• **DATA EXTRACTS**:
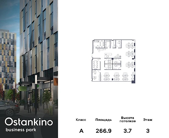 Офисное помещение площадью 266.9 кв.м в OSTANKINO BUSINESS PARK от надежного застройщика PIONEER.
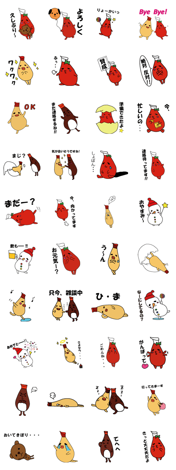チャップリンとプヨマヨと仲間たち hyuganatu コメントをどうぞ 調味料をモチーフに日常的に使えるスタンプにしました。ケチャップのチャップリンとマヨネーズのプヨマヨとお好み焼きソースのガングロさんと練乳のユッキーです。 このスタンプどう思う?!↓クリックで投票♪好き (0)かわいい (0)かっこいい (0)おもしろい (0)使いやすそう (0)欲しい (0)萌え (0)ほっこりする (0)おしゃれ (0)ゆるい (0)こわい (0)ウザい (0)キモい (0)ムカつく (0)持ってる (0)癒される (0)セクシー (0)個性的 (0)私は買わない (0)誰かプレゼントして! (0) 購入・プレゼントする Facebookでシェア Twitterでシェア
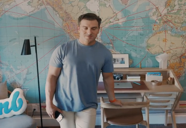 На видеото се гледа како Чески слегува по скали со своето куче и ги фотографира дневната соба и спалната соба кои се слободни за резервација.
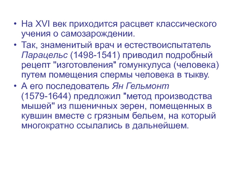 Слайд 9На ХVI век приходится расцвет классического учения о самозарождении.
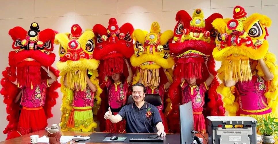 雄獅吐瑞齊助興,伴隨著歡快的音樂,各位領(lǐng)導(dǎo)嘉賓共同為象征著祥瑞的金獅點(diǎn)睛。
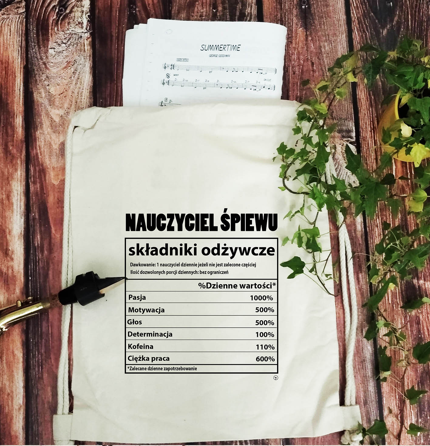 Mocny i solidny worek plecak.Nauczyciel śpiewu - Składniki odżywcze
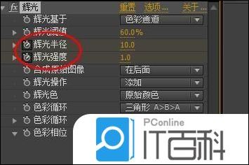 6、拖动下方“ 时间线标尺 ”上的“时间指示器”到另一个位置,并修改“ 辉光半径 ”和“ 辉光强度 ”的数值,取相同距离,将“ 时间指示器 ”继续向后拉动,并将辉光数值还原到未改动前。
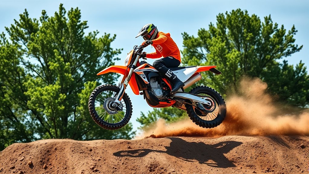 You stay ahead of emerging motocross technology by constantly integrating innovative materials into your bikes, making them lighter and more durable. You focus on improving rider ergonomics, ensuring a comfortable and responsive ride. Husqvarna invests in research and development, collaborating with top engineers and riders to bring cutting-edge innovations to market quickly. This proactive approach keeps you at the forefront of motocross, enabling better performance and a competitive edge.
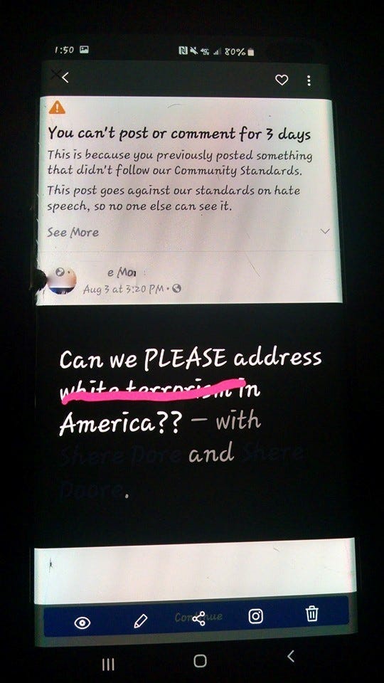 It’s become obvious that we must rely on phone trees, and old fashioned email lists to organize, because Facebook has a white supremacy problem. Not only does its algorithms suck the posting of our events into a black hole. It limits us to a handful of invites, thus further diminishing our ability to publicize important events, unless we pay their exuberant advertising fees. We are having important voices in our community face bans for calling out White Supremacy and Toxic masculinity. Any attempt to use those combination of words, leads to a ban.
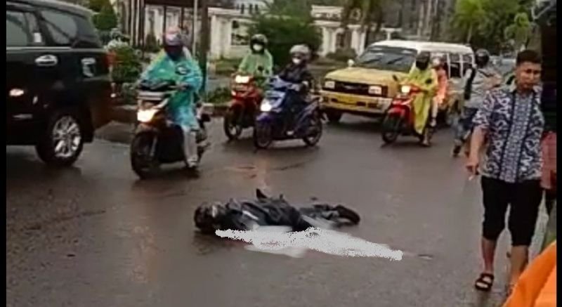 HALOPOS.ID|PALEMBANG – Hujan deras yang mengguyur kota Palembang sejak pagi hari mengakibatkan kecelakaan antara mobil Toyota Kijang Inova dan seorang pengendara motor,
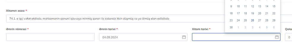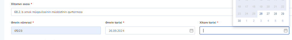 Şəkildən göründüyü kimi, xitam əmri 26 sentyabr 2024-cü il tarixdə hazırlandığı üçün öncəki tarixləri seçməyə məhdudiyyət tətbiq edilir.
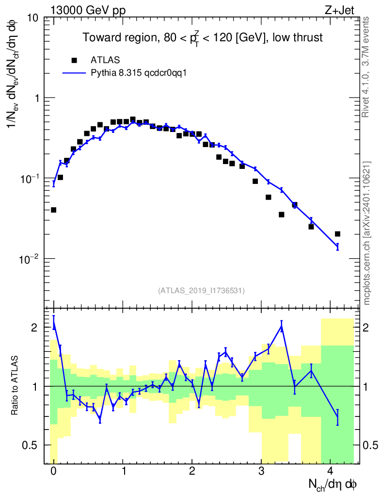 Lines: data, pythia8 8.315 qcdcr0qq1 |
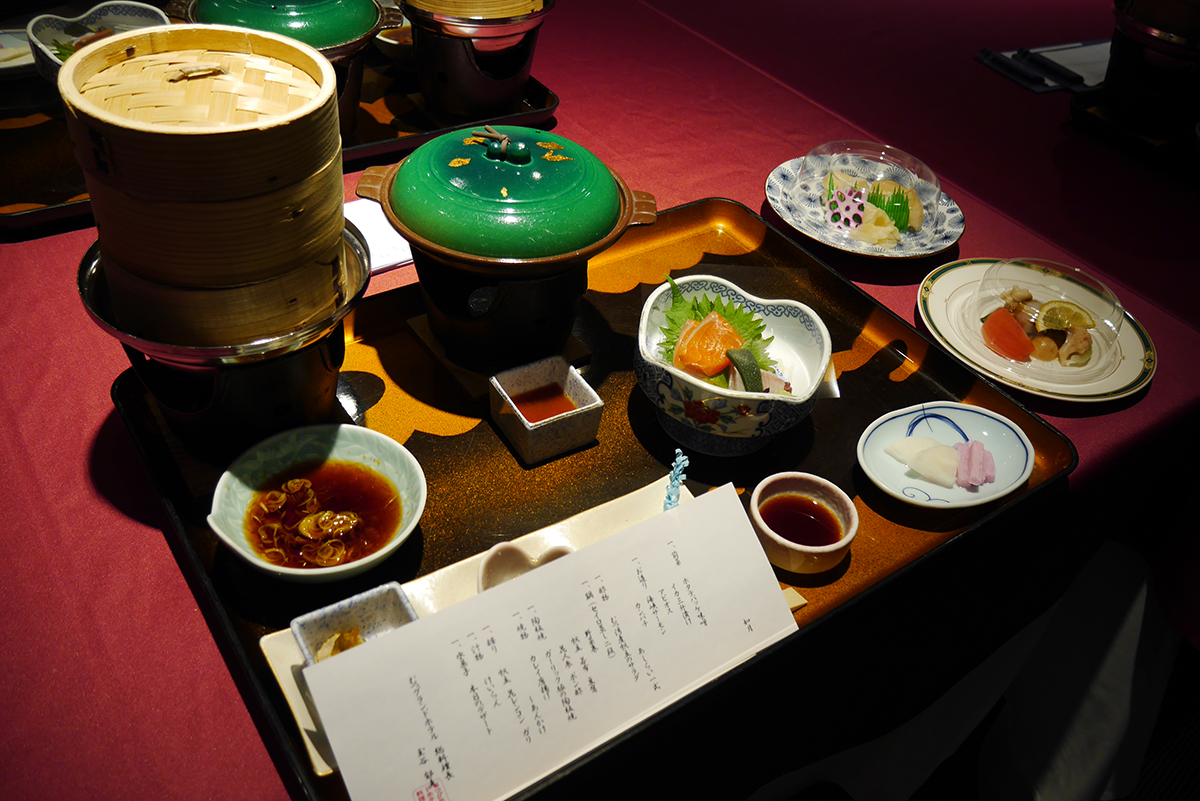 เผลอแป้บเดียวก็ได้เวลารับประทานอาหารเย็น เย็นนี้ได้รับเชิญจากเจ้าหน้าที่เมืองอาโอโมริ (Aomori) กินเลี้ยงร่วมกันที่ห้องอาหารของโรงแรม จัดมาเสิร์ฟแบบชุดใหญ่ มีทั้งหม้อต้มที่ปิดฝามาสนิท ทำให้ลุ้นว่าข้างในจะมีอะไรอยู่ มีทั้งตะกร้าสานนึ่งอะไรสักอย่างข้างใน ออเดิร์ฟจานเล็กๆ แต่น่ารักอีกหลายจาน ปลาดิบ หอยเชลล์ ซูชิ พอได้เวลาเริ่มกินก็จะมีพนักงานมาจุดไฟในเตาต่างๆ
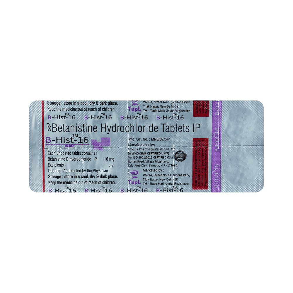 Bhist 16mg Tablet is used to prevent and treat a disorder of the inner ear known as Ménière’s disease. The symptoms include dizziness (vertigo), ringing in the ears (tinnitus), and loss of hearing, probably caused by fluid in the ear. This medicine helps relieve the symptoms by reducing the amount of fluid. Bhist 16mg Tablet should be swallowed whole with water and taken at the same time(s) each day to get the most benefit. Your doctor will decide what is the correct dose to relieve your symptoms and how often you need to take it. You may need to take this medicine for several months and you should take it for as long as prescribed by your doctor, even if you start feeling better. The most common side effects include headache, feeling sick, and indigestion (dyspepsia). You may also get stomach pain and bloating. Taking the medicine with food can help reduce stomach problems. Before taking this medicine, you should talk to your doctor if you have a stomach ulcer, asthma, or high or low blood pressure. You must also tell him/her what other medicines you are taking, to make sure you are safe. Also speak to your doctor if you are pregnant, trying to become pregnant, or breastfeeding.
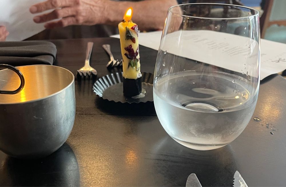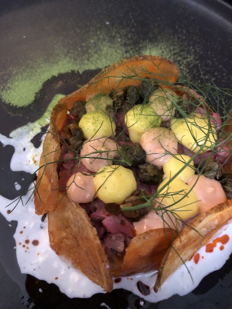 Sous vide mid rare tenderloin, egg yolk mousse, fried caper, seasoned buttermilk, pepper oil, served with house saltines
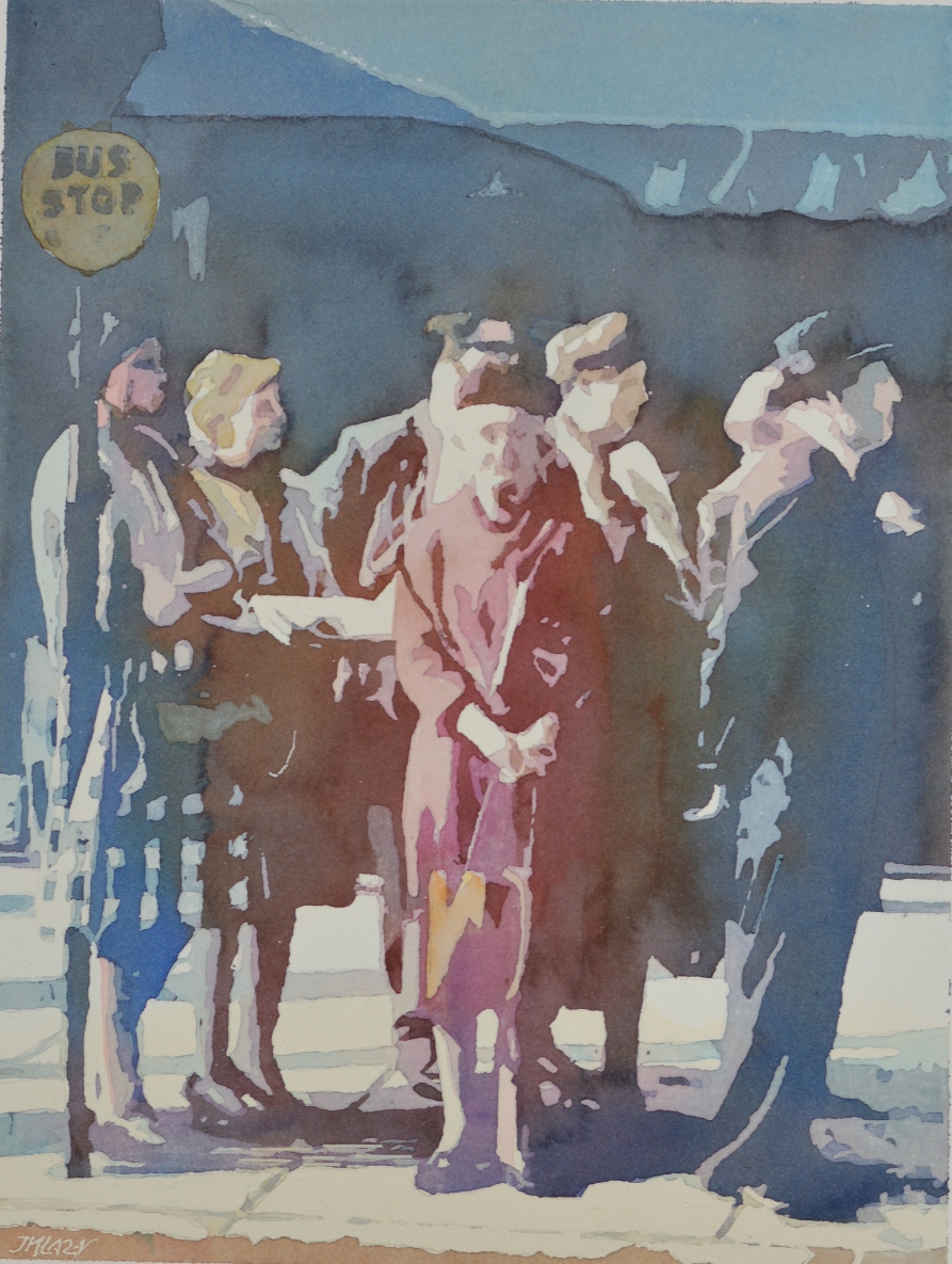 When You Know You Know Oct 29, 2025 | twodoves blog “W.Y.K.Y.K” Watercolor by John McLaren Art 9 x 12 For Sale at the PAPA Gallery SHE knows the bus WILL come.
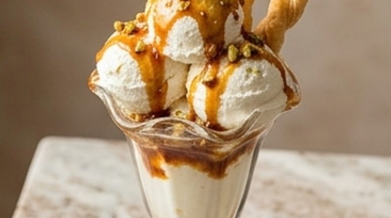 📌 Trompe-l’œil Sundae: Whipped Feta, Hot Honey Caramel, and Puff Pastry Twists
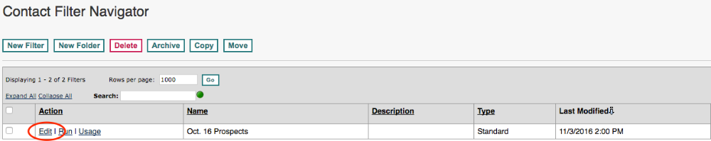To find the Connect filter ID, click on Edit next to the name of the filter.
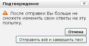 3.7.4. После ответа на последний вопрос Итогового тестирования и нажатия на кнопку «Отправить все и завершить тест» появляется информационное окно:
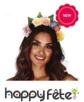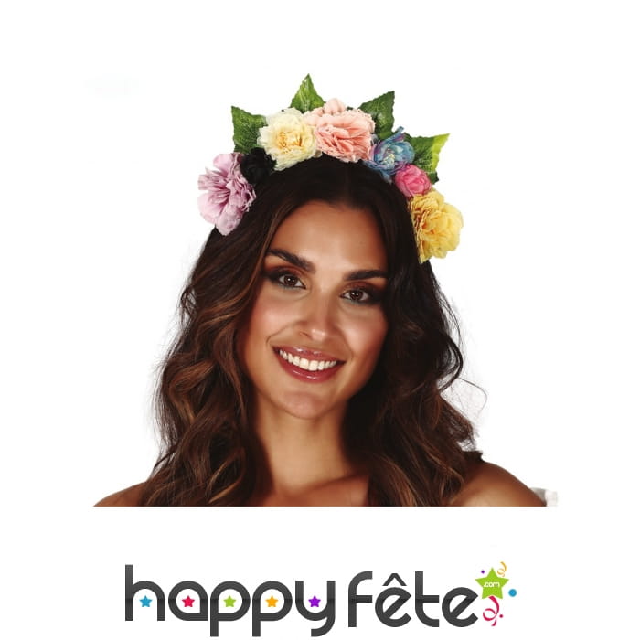 Cette couronne est animée de feuilles vertes et de magnifiques fleurs multicolores, dont les couleurs pastel rappellent la vie pastorale et les moeurs champêtres.
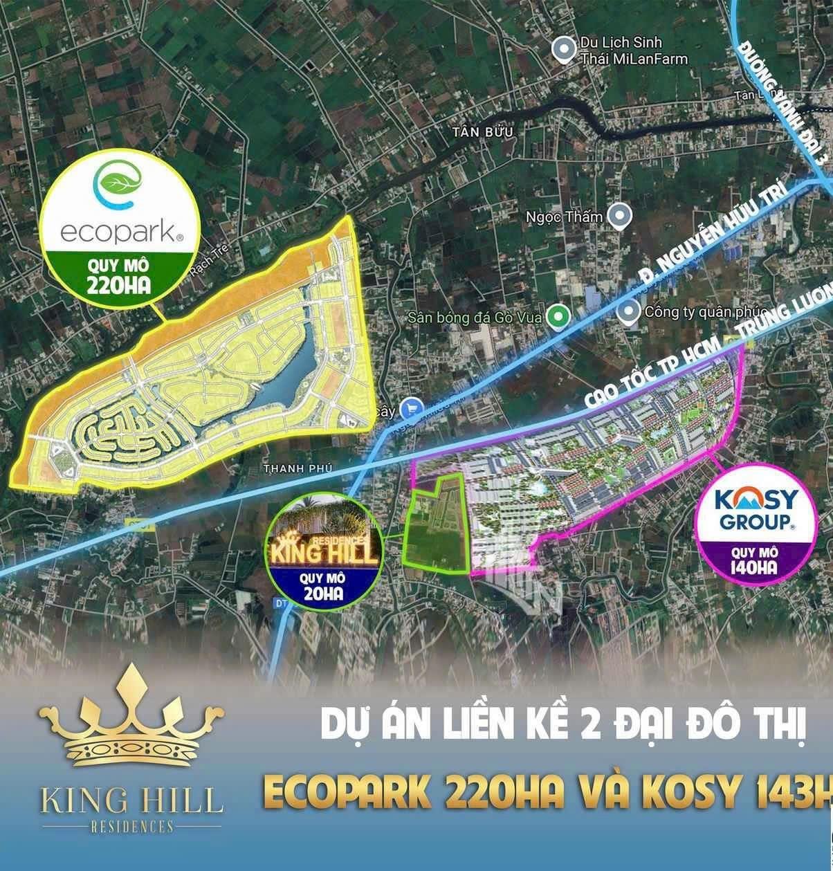 =King Hill Residences là KĐT kiểu mẫu quy mô 20ha, tọa lạc tại MT đường Nguyễn Hữu Trí, xã Thanh Phú, huyện Bến Lức, Long An – liên kế HCM chỉ 5 kilomet, kết nối trực tiếp với cao tốc Trung Lương và các trục giao thông huyết mạch như QL 1A, DT824, DT835B, DT826, và cao tốc Bến Lức – Long Thành
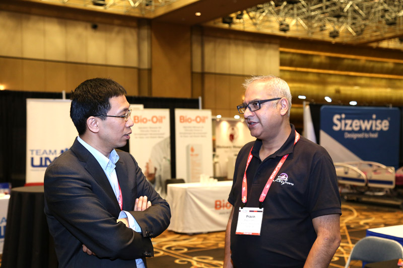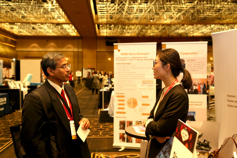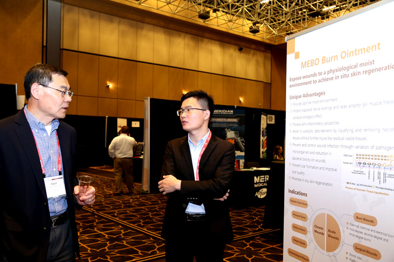 會議期間,許多美寶的老朋友們到訪展臺,詢問美寶近況,關(guān)心燒傷再生醫(yī)學世界范圍內(nèi)的發(fā)展。其中來自美國俄克拉何馬州(Oklahoma)的Dr. Paul Silverstein是美寶近30年來的老朋友(1972年間參與美國越戰(zhàn)士兵治療并獲得美國Meritorious Service Medal獎章),如今80多歲高齡的他依然記得徐榮祥大夫在美國的演講,記得2003年John A. Boswick論壇上與美寶的深切交流(注:John A. Boswick Symposium是美國燒傷界最知名的論壇之一,1977年開始每年2月份在美國夏威夷舉行),深切希望美寶技術(shù)和產(chǎn)品能夠在美國盡快得到應用。同時,來自中國、印度、卡塔爾、土耳其、約旦、印尼及馬來西亞等國、應用美寶濕潤燒傷膏多年的醫(yī)療專家也到訪了展臺,紛紛詢問美寶在美國的注冊進展。

• **PROBLEM TO WORK ON**: A clean copy is needed of the lines above from the one with "HALOPOS.ID|PALEMBANG – Hujan" up to and including the one with "Şəkildən göründüyü kimi, xitam". Please set it down exactly, with no pictures.

• **SOLVED EXERCISE**:
 HALOPOS.ID|PALEMBANG – Hujan deras yang mengguyur kota Palembang sejak pagi hari mengakibatkan kecelakaan antara mobil Toyota Kijang Inova dan seorang pengendara motor,
 Şəkildən göründüyü kimi, xitam əmri 26 sentyabr 2024-cü il tarixdə hazırlandığı üçün öncəki tarixləri seçməyə məhdudiyyət tətbiq edilir.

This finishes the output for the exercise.